A test for major depression claiming to be a test for depression. Apparently the people at “InteliHealth” aren’t up on their set theory.
Okay, for those of you who have been misled by this test, there are several kinds of depression. I will deal here with only two (leaving out bipolar, psychotic, and compound depressions):
Major depression. Typically has a definite onset period. This is why statements like “1. I was bothered by things that don’t usually bother me” apply only to major depression. Causes sleeplessness, loss of appetite, and loss of interest in sex. People with major depression often seem completely unaffected by their environments, and impossible to cheer up.
Atypical depression is the kind the people who write these tests don’t give a rip about. Restless sleep? Not a standard feature of atypical depression. Atypicals tend to sleep too much, sometimes eat too much, and feel quite easily affected by their environments. Can rarely recall a time when the depression “hit”; often say it has been around for as long as they can remember. So obviously there is a lot distinguishing atypical from major depression.
Here is a little parable describing how atypicals get ignored by simplistic tests:
Examiner: Have you been feeling worse in the past six months?
Atypical: No, I’ve felt dismal and crappy all my life.
E: Have you experienced a loss of appetite.
A: [wipes taco sauce off chin] No, not at all. Got any nachos?
E: Have you experienced a sudden decrease in sexual desire?
A: [imagining the Examiner nude on a silk bed] Huh? Uhh, no, not at all.

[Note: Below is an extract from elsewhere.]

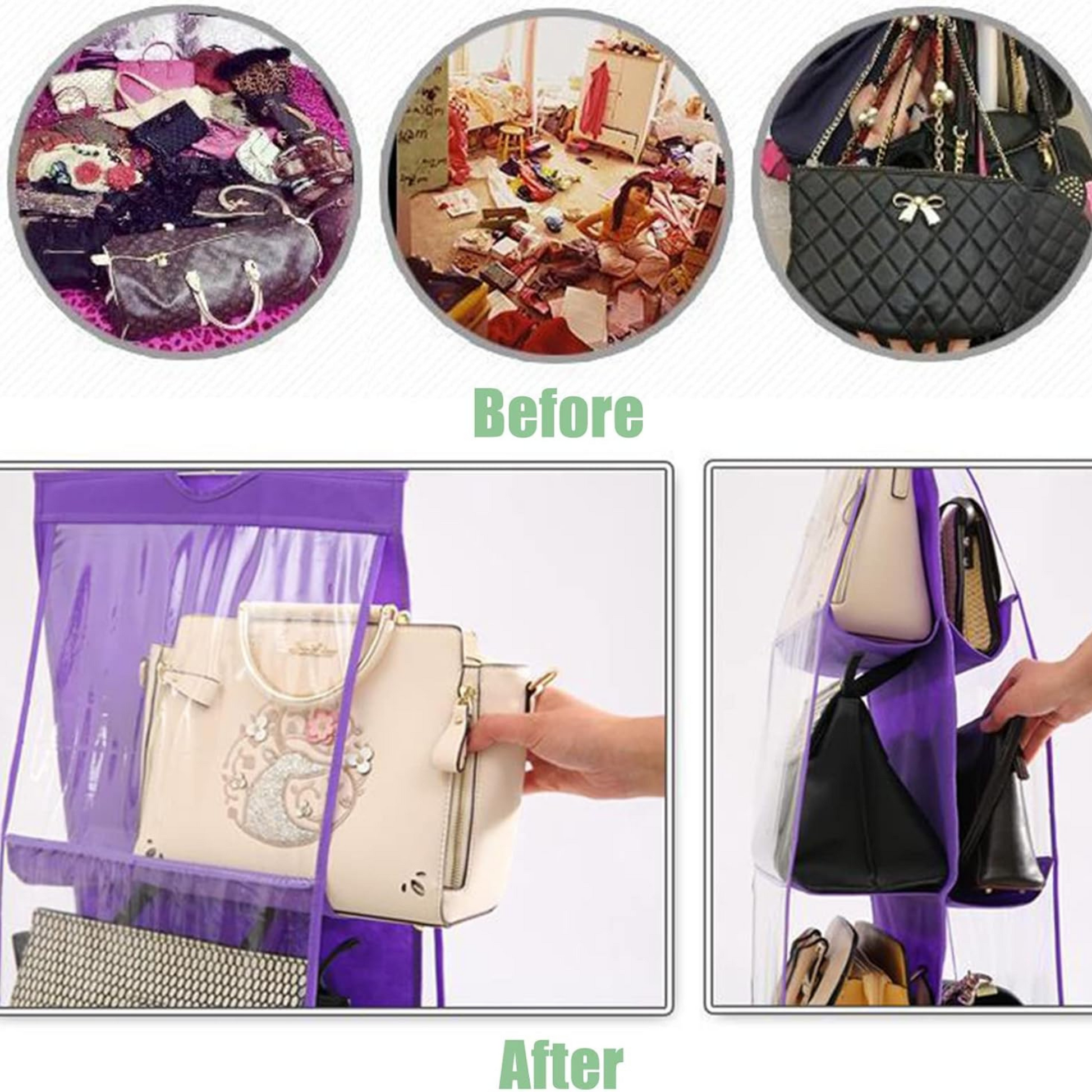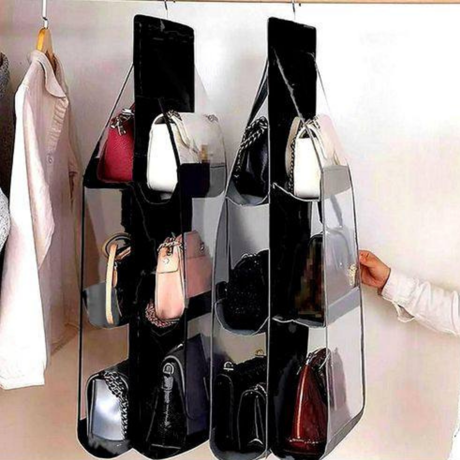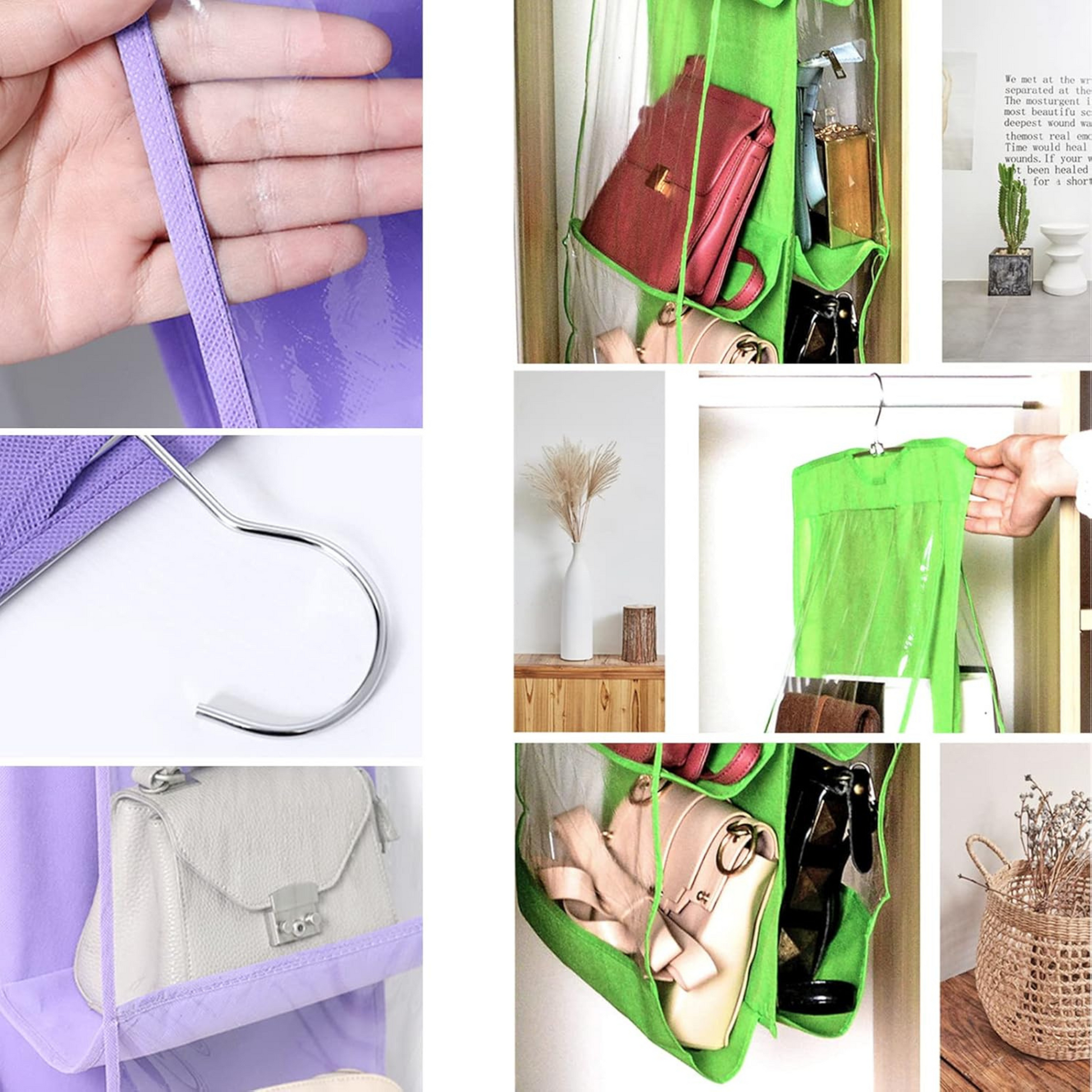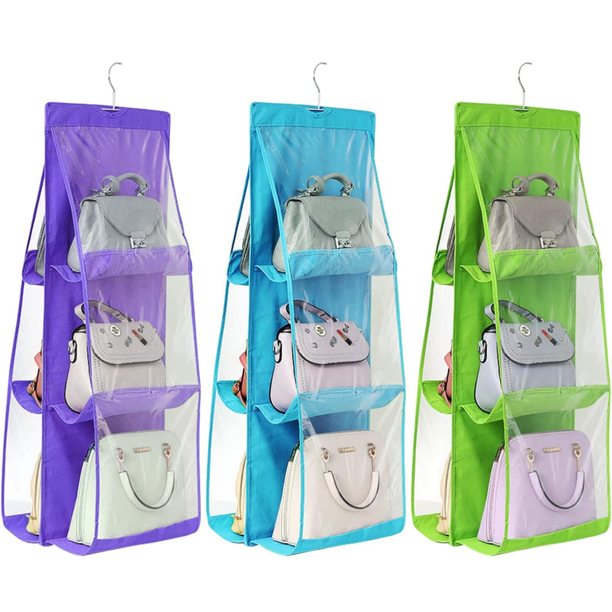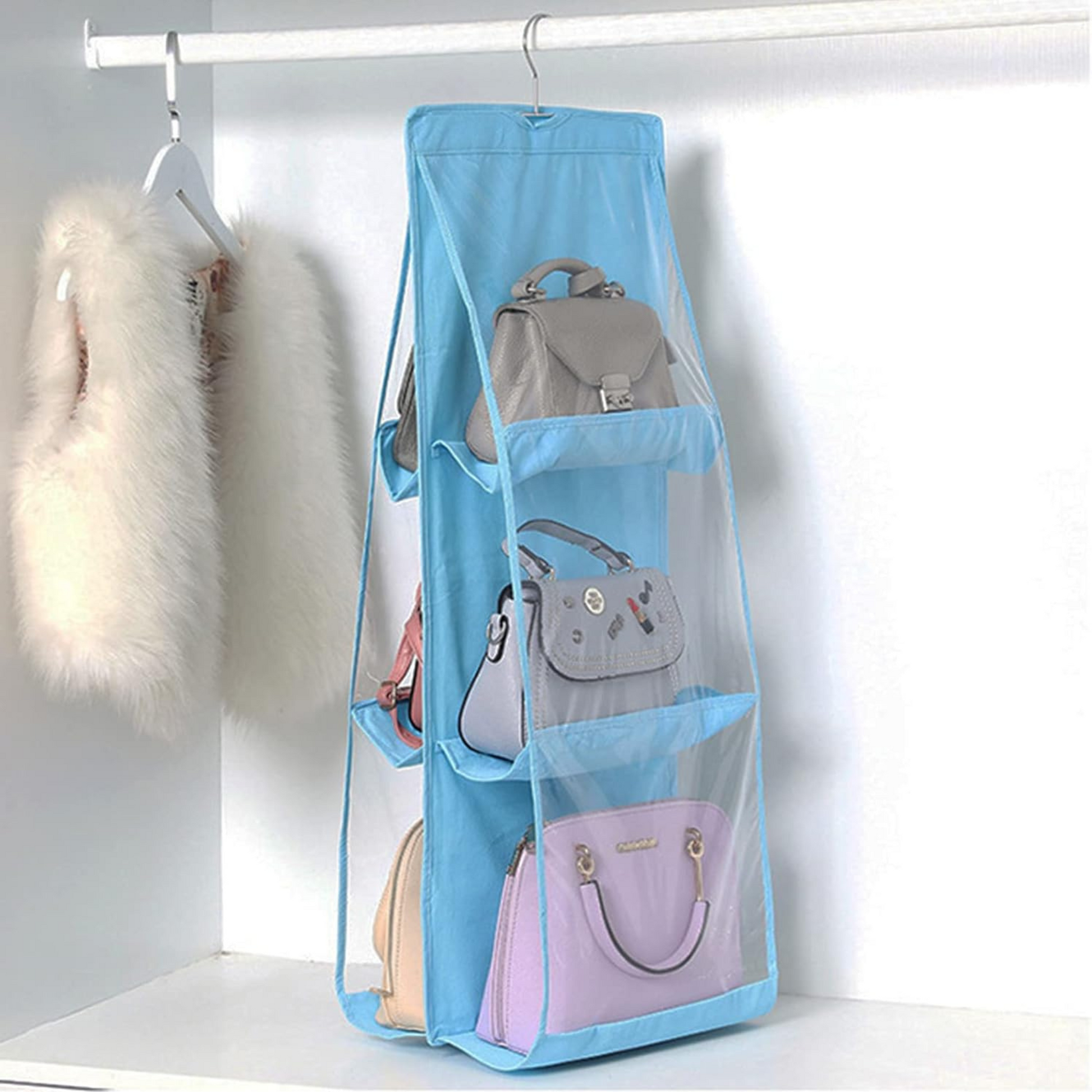 منظم الحقائب حمل 6 حقائب، يوفر المساحة، ويعطي للحقائب مظهر جديد، متعدد الألوان ، شفاف ومتين ،تصميم أنيق ، منظّم متعدد الاستخدامات للشنط والأغراض - خفيف وسهل الطي

E: Having trouble sleeping?
A: zzzzzzz
E: Okay, so you’re not having trouble sleeping. Do you feel immune to the affects of your environment. Like, do the things people say have tremendous impact on your emotional state?
A: What do you mean by that? Are you saying I’m a weak, spineless individual? That I have no courage of my convictions? Well you’re right! I should be shot.
E: [scans Depression Indicators List for “zero self esteem”] Has it been possible for you to be cheered up, even temporarily, in the past six months?
A: Are you asking if I’ve ever been happy in the past six months?
E: Yes.
A: Why, yes I have. That time I won the lottery I felt pretty good. The rest of the time I’ve felt like I’m in a living hell.
E: Well, it sounds like you’re doing just fine. I recommend a program of exercise, fresh air, and a positive attitude. Keep smiling!
A: What’s “smiling”?
(I scored a 33 by the way, but I don’t trust it since I wasn’t paying much attention to my answers.) Yes, I’m a little strident about this. I’m starting to feel less like this is an oversight by the “professionals”, and more like immoral negligence. Look knuckleheads, I don’t care if someone eats a side of pork at every meal - if they feel like lemon juice in a paper cut 23 hours a day they are probably depressed. Just admit it.
(And yes, I did read the little
This seems like partial admission that the test covers only a single type of depression but it’s really just more psychobabble. To equate major depression with significant depression? So the suffering of the atypicals is “insignificant”? I’m not even going to comment on that one.